A few weeks ago, I drove down to Fayetteville, NC to volunteer for Yam Jam, the Society of St. Andrew’s (SOSA) annual sweet potato gleaning. Gleaning is when leftover crops are collected from a farmers’ land – after the farmer has already harvested his crops for market. It’s often done by anti-hunger groups and other community organizations; SOSA is the largest in the US that is committed to gleaning as a way to end hunger and food waste. The North Carolina chapter organizes volunteers to harvest sweet potatoes from all over the state during 5 weekends in October and November.
Last year, Yam Jam inspired 1,250 volunteers to glean over 85,000 pounds of sweet potatoes from 6 fields. When I first heard this number, I thought that it sounded like a lot, but truthfully I didn’t think about how much food that really is or how many people it can feed.

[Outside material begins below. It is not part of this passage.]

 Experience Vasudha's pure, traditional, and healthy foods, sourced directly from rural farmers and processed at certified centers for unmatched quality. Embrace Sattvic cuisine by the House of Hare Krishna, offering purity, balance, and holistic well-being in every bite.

I only spent 2 hours gleaning one Saturday and must have picked up over 500 sweet potatoes. You can stand still in one spot on the farm and pick up 10 to 20 sweet potatoes that are in plain sight (or slightly buried under the dirt). They’re mostly too small, too big, or too wonky-shaped for the farmer to sell at market price – but there are even perfectly sized ones hidden in the dirt.
The reason farmers don’t sell all their sweet potatoes is because farmworkers are paid based on how many perfect potatoes they pick. As a result, they rush through the fields, only picking potatoes that they know will sell while ignoring those with small blemishes and those that require digging through the dirt. The ones that are left could be sold for a lower price, but it’s equally cost-effective for the farmer to receive tax credits for allowing organizations like SOSA to glean.

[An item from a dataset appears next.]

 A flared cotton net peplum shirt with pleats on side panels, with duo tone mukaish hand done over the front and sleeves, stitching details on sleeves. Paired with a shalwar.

Close to 40% of food in the US today goes uneaten, which is essentially the same as flushing $165 billion and 25 percent of our freshwater down the toilet each year. When we think about food waste, we often think about waste at the consumer and retail level because that is where most of our food is wasted. However, about 7 percent of crops in the US are simply not harvested at all each year. This number can vary widely depending on the crop or season’s climate, but regardless, it is estimated that more than 6 billion pounds of crops are not harvested or not sold each year.
If this bothers you, here are some things you can do to help reduce food waste:
1. Volunteer with SOSA, Food Forward, or another anti-hunger, anti-waste organization.
2. Donate produce to a local food bank or food pantry.
3. Try these 15 recipes to help reduce food waste.
4. Check out these 8 companies that are fighting food waste.
Nearly 50 million people in the US do not have sufficient access to healthy food. If you talk to anyone who works for an anti-hunger or anti-food waste organization, they’ll tell you that hunger is not a food production or supply problem, but a distribution problem. Our food system is inefficient if it produces this much waste and leaves this many millions of people malnourished, whether hungry or overweight.